Shared memory per block Related to shared memory of an MCPU

Hello,
I’ve just started CUDA development. There’s one thing that doesn’t get clear to me. When running e.g. the deviceQuery (contained in the SDK), it says:
Total amount of shared memory per block: 16384 bytes
Appendix A of the user guide says:
The amount of shared memory available per multiprocessor is 16 KB

What’s confusing me is the relation between blocks and multiprocessor. As I understand it each blocks runs on a multiprocessor, but there can run multiple blocks on one multiprocessor. Does this mean that all the blocks on the multiprocessor need to share the 16KB of memory on the MCPU or is the shared memory swapped to e.g. global memory, so that each block can always access the full 16KB of shared memory?

Assuming they have to share the shared memory. If I run a kernel with the maximum number of blocks (65536). The blocks will be divided over the 16 MCPU’s this means there run 65536 / 16 = 4096 blocks on each MCPU. Does this mean that each block can allocate a maximum of 16384 / 4096 = 4 bytes of shared memory?

Thanks,
Michiel

The runtime looks at how much shared memory your kernel requires, and will run more than one block per multiprocessor if there is enough shared memory to do so. If each block only requires 5 kB of shared memory, then up to 3 blocks can be run simultaneously per multiprocessor (leaving some extra for kernel parameters, which get loaded into shared memory also). If you use 15 kB of shared memory in a block, then the scheduler will only run 1 block per multiprocessor. Blocks that cannot be scheduled will run after the first blocks finish. So if you request 65536 blocks, they will all run, but not all at the same time.
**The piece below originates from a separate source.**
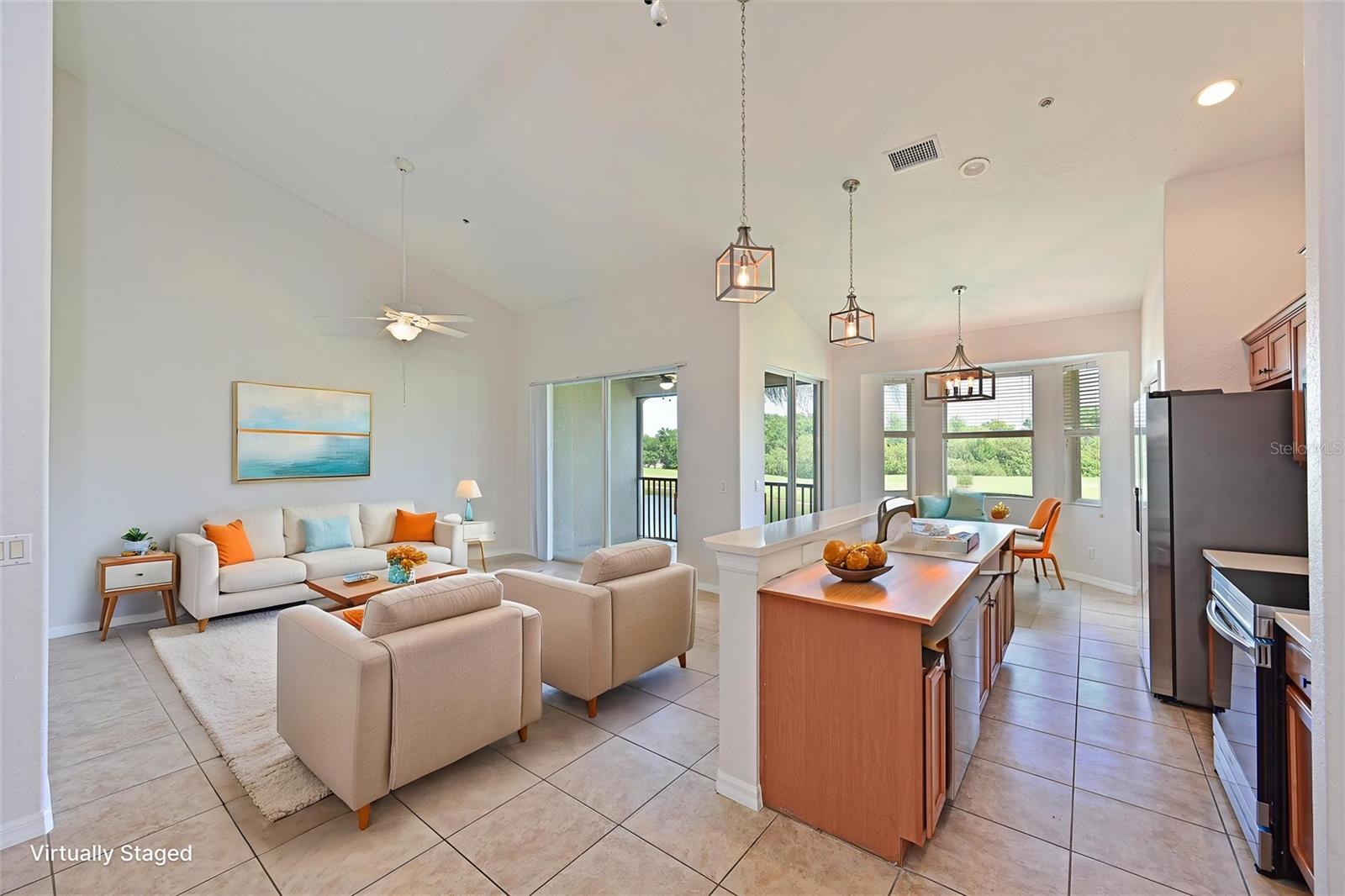 One or more photo(s) has been virtually staged. Golf course living with water views and affordability just became your reality! This newly painted unit features an open concept with soaring ceilings and new luxury vinyl flooring in the bedrooms. All you need to do is make the right decision and call this condo yours. One covered, dedicated parking spot sits directly in front of the stairs leading to your front door. Inside, your imagination will bring the space to life. For those looking to acquire an income producer, this unit has a long history of returns that will make any accountant smile, and it’s ready to go. The location feels like it's in the country, yet it's close to everything you need. You will have easy access to numerous amenities, including a clubhouse with a restaurant, a recreation center, a fitness center, and courts for tennis, pickleball, volleyball, and bocce ball—plus two pools and a hot tub. You are also located near highways that afford easy commuting to Tampa, St. Pete, Sarasota, and Lakewood Ranch. Enjoy a short drive to multiple world-class beaches like Anna Maria Island and Siesta Key. There are plenty of shopping options, from Costco and Target to the new Whole Foods (opening soon), Aldi, and more! New restaurants open weekly, and several medical facilities are just minutes away. Make sure to come check this one out!

Running multiple blocks per multiprocessor helps mitigate some of the global memory latency, so it is good to keep shared memory usage low if possible, but it is not required.

Does this apply to the register file as well, i.e must two blocks use less than 8192/2 registers each in order to be launched simultaneously?

/Lars

Basically, yes.

Shared memory and registers are partitioned among the threads of all concurrent blocks. So, decreasing shared memory usage (per block) and register usage (per thread) increases number of blocks that can run concurrently in the same SM.